JAKARTA — Plaza 2 Blok M yang baru diresmikan seolah menjadi simbol kegagalan tata kelola pasar rakyat di ibu kota. Alih-alih ramai oleh pedagang dan pembeli, pusat perniagaan itu justru ditinggalkan warganya. Koperasi pengelola belum terbentuk, sewa kios terasa mahal, dan konsep besar yang dijanjikan pemerintah daerah tinggal slogan.
Fenomena ini bukan kasus tunggal. Pasar Santa di Jakarta Selatan, yang dulu digadang-gadang sebagai ikon kreatif anak muda, kini menghadapi nasib serupa. Pedagang mengeluhkan turunnya omzet, lapak yang kosong, hingga sepi pembeli. Wajah kota global yang diagungkan pemerintah provinsi ternyata bertolak belakang dengan realitas di lapangan.
Presidium JagaJakarta menilai, lambannya pemerintah DKI dalam merespons masalah ini hanya menegaskan kepemimpinan yang lebih sibuk berpose ketimbang bekerja. “Kalau pasar saja tak bisa diurus, bagaimana mungkin bicara Jakarta kota dunia? Pencitraan semu ini tidak layak dipertahankan,” ujar Ical Presidium JagaJakarta pada Minggu (7/9/2025).
Catatan media menunjukkan masalah di Pasar Santa bukan hal baru. Pada 2014, bahkan ada 692 kios kosong dari 1.151 unit. Revitalisasi berulang kali dilakukan, namun sepi pembeli tetap menjadi keluhan utama. Pola ini kini terulang di Plaza 2, memperlihatkan kegagalan desain kebijakan yang tidak pernah belajar dari pengalaman. “Ini bukan sekadar soal kios kosong, tetapi soal orientasi pembangunan yang salah arah,” tegas Ical.

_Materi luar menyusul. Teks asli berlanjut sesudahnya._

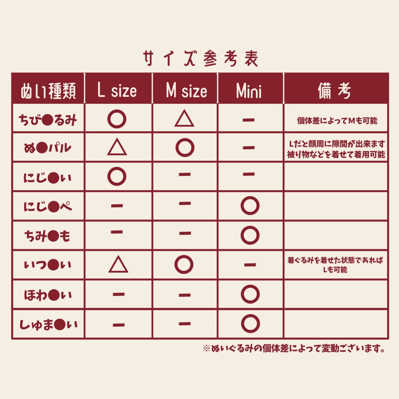 ご購入前に必ずサイズ表記をご確認ください。

Ironisnya, pemerintah provinsi kerap mengedepankan jargon “kota global” untuk menutupi masalah dasar seperti ini. Padahal, pasar rakyat adalah denyut nadi kehidupan harian warga. Bila pedagang tak bisa hidup, jargon tinggal poster. “Lapak sepi itu lebih jujur daripada baliho penuh warna. Warga kecil tidak butuh foto seremonial, mereka butuh pembeli,” kata Ical.
Kondisi serupa juga terlihat di Plaza 2, di mana pedagang memilih hengkang lantaran biaya sewa tidak sebanding dengan pemasukan. Koperasi yang seharusnya menopang pengelolaan pasar bahkan belum terbentuk, menambah kesan pemerintah hanya setengah hati. “Jakarta jangan hanya jadi etalase investor, tapi juga rumah yang layak untuk pedagang kecil,” ungkap Presidium JagaJakarta.
Bila ini dibiarkan, yang terjadi hanyalah ilusi pembangunan. Pemerintah terlihat aktif meresmikan proyek, tetapi abai menyiapkan ekosistem agar pasar rakyat benar-benar hidup. Ketika konsep dan kenyataan tidak bertemu, maka yang lahir adalah frustrasi pedagang. “Setiap lapak kosong adalah tanda bahwa kepemimpinan ini gagal mendengar suara rakyat kecil,” tutup Ical.
Realitas ini seharusnya menjadi alarm bagi Gubernur Pramono Anung. Jika masalah pasar rakyat terus dibiarkan, protes publik bukan tidak mungkin meledak di jalanan. Kota yang katanya modern ini bisa berubah menjadi panggung ironi, di mana foto peresmian lebih penting daripada isi kantong pedagang.